Republican vice-presidential nominee JD Vance’s appearance at a far-right Christian revival tour last month may have broken tax and election laws, experts say.
On Sept. 28, Vance held an official campaign event in Monroeville, Pennsylvania, in partnership with the Courage Tour, a series of swing-state rallies hosted by a pro-Trump Christian influencer that combine prayer, public speakers, tutorials on how to become a poll worker and get-out-the-vote programming.
Ziklag, a secretive organization of wealthy Christians, funds the Courage Tour, according to previously unreported documents obtained by ProPublica and Documented. A private donor video produced by Ziklag said the group intended to spend $700,000 in 2024 to mobilize Christian voters by funding “targeted rallies in swing states” led by Lance Wallnau, the pro-Trump influencer.
Even before the Vance event, ProPublica previously reported that tax experts believed Ziklag’s 2024 election-related efforts could be in violation of tax law. The Vance event, they said, raised even more red flags about whether a tax-exempt charity had improperly benefited the Trump-Vance campaign.
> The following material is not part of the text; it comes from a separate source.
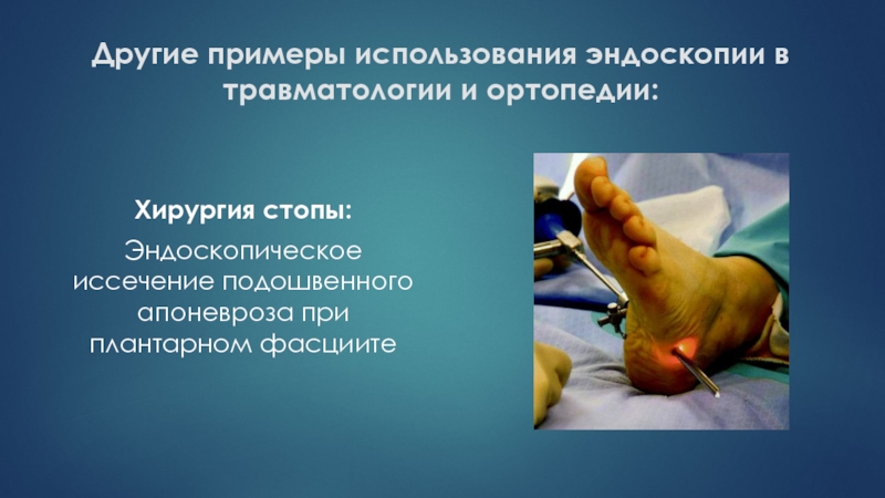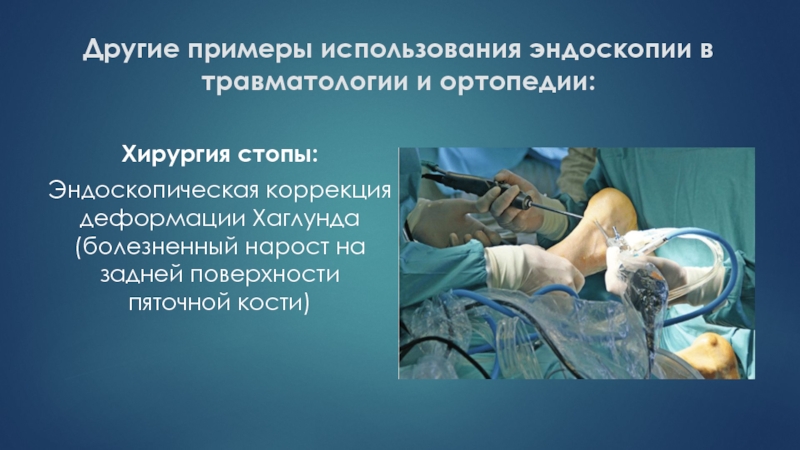 Слайд 55Другие примеры использования эндоскопии в травматологии и ортопедии:

According to Texas corporation records, the Courage Tour is a project of Lance Wallnau Ministries Inc., a 501(c)(3) charity led by Wallnau. There have been five Courage Tour events this year, and Vance is the only top-of-the-ticket candidate to appear at any of them.
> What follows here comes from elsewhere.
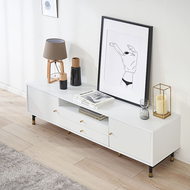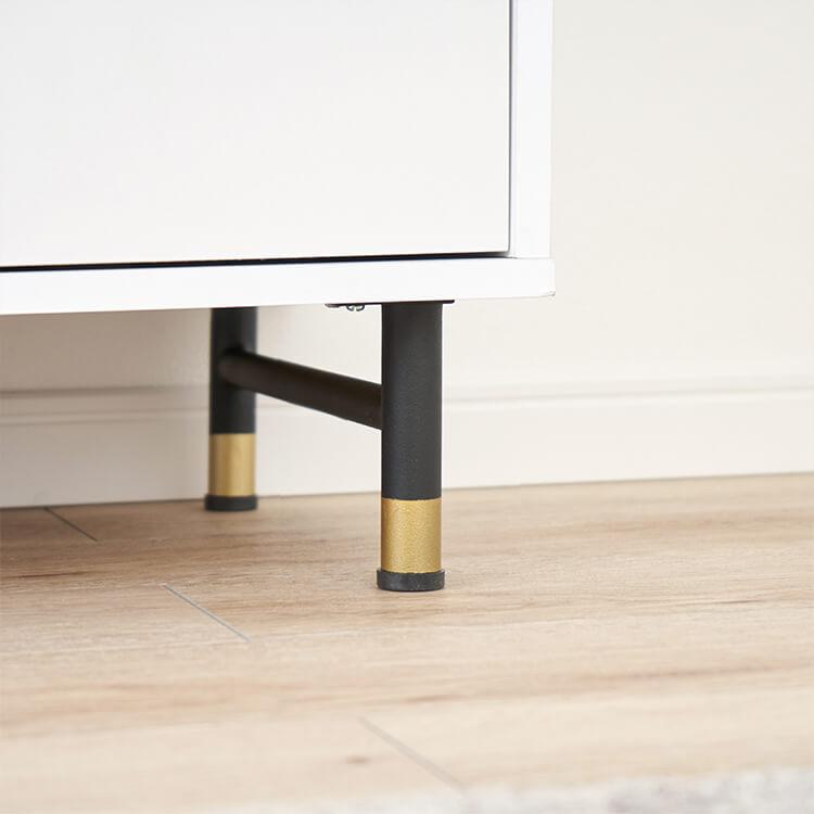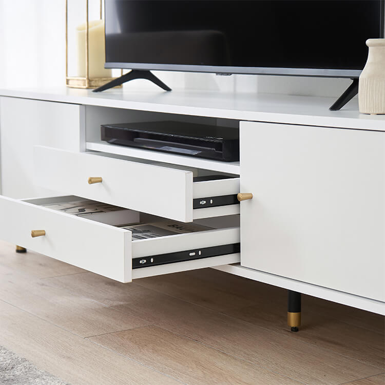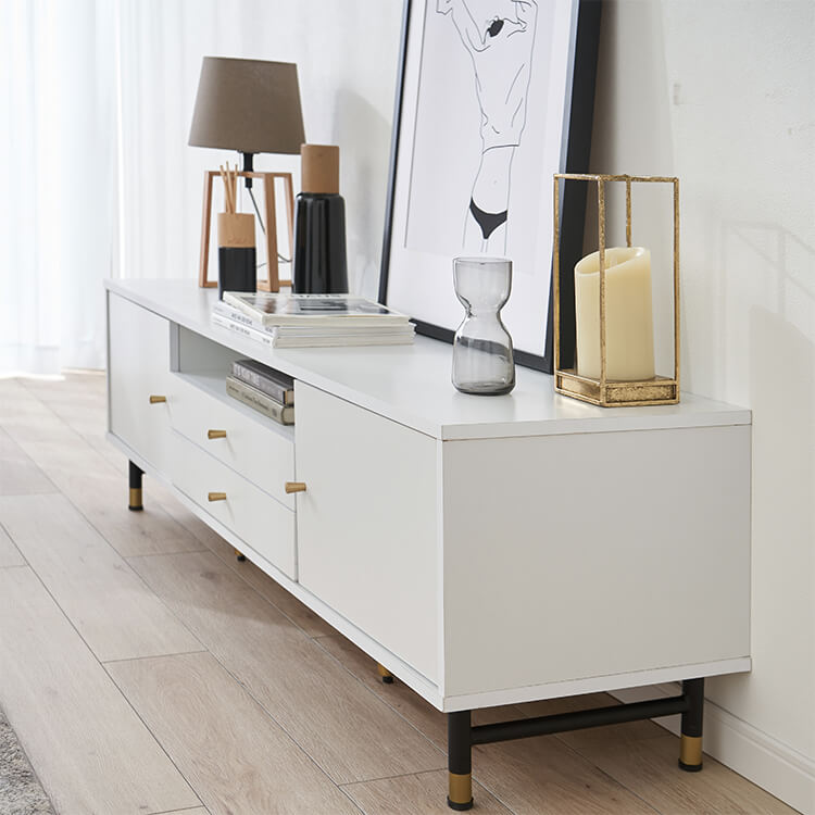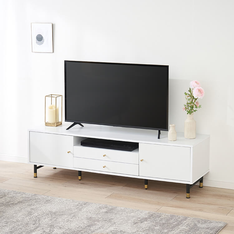 ホワイトを基調としたデザインの中に光るゴールドカラーがエレガントな印象のテレビボード。幅140cmとワンルームにもおすすめのサイズ感です。高級感漂うエレガントなテレビボードは、綺麗めスタイルにピッタリ。甘くなりすぎない、大人っぽさのあるお部屋をつくります。取っ手と脚にはアクセントとなる、ゴールドカラーを取り入れました。シンプルなデザインの中に、ゴージャスで美しい印象をプラスします。ゴールドカラーの、上品さと美しさが光るさりげない取っ手。大ぶりの取っ手とは異なり、スッキリとした印象へと導きます。

Wallnau has said that Vice President Kamala Harris is possessed by “the spirit of Jezebel” and practices “witchcraft.” As ProPublica reported, Wallnau is also an adviser to Ziklag, whose long-term goal is to help conservative Christians “take dominion” over the most important areas of American society, such as education, government and entertainment.
The Vance campaign portion was tucked in between Courage Tour events, and organizers took pains to say that Wallnau’s podcast hosted the hourlong segment, not the Courage Tour. Two signs near the stage said Wallnau’s podcast was hosting Vance. And during Vance’s conversation with a local pastor, the Courage Tour’s logo was replaced by the Trump-Vance logo on the screen.
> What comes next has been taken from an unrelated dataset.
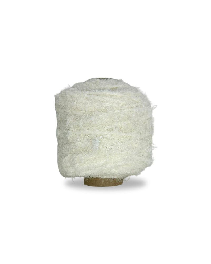 Fio macio com aspecto pluma e desfiado, feito de seda natural e viscose reciclada. Ideal para criações autorais, arte têxtil e peças de impacto visual. Produto do bazar com preço especial.

An email sent by the Courage Tour to prospective attendees promoted the rally and Vance’s appearance as distinct events but advertised them side by side:
But the lines between those events blurred in a way that tax-law experts said could create legal problems for Wallnau, the Courage Tour and Ziklag. The appearance took place at the same venue, on the same stage and with the same audience as the rest of the Courage Tour. That email to people who might attend assured them that they could remain in their same seats to watch Vance and that afterward, “We will seamlessly return to the Courage Tour programming.”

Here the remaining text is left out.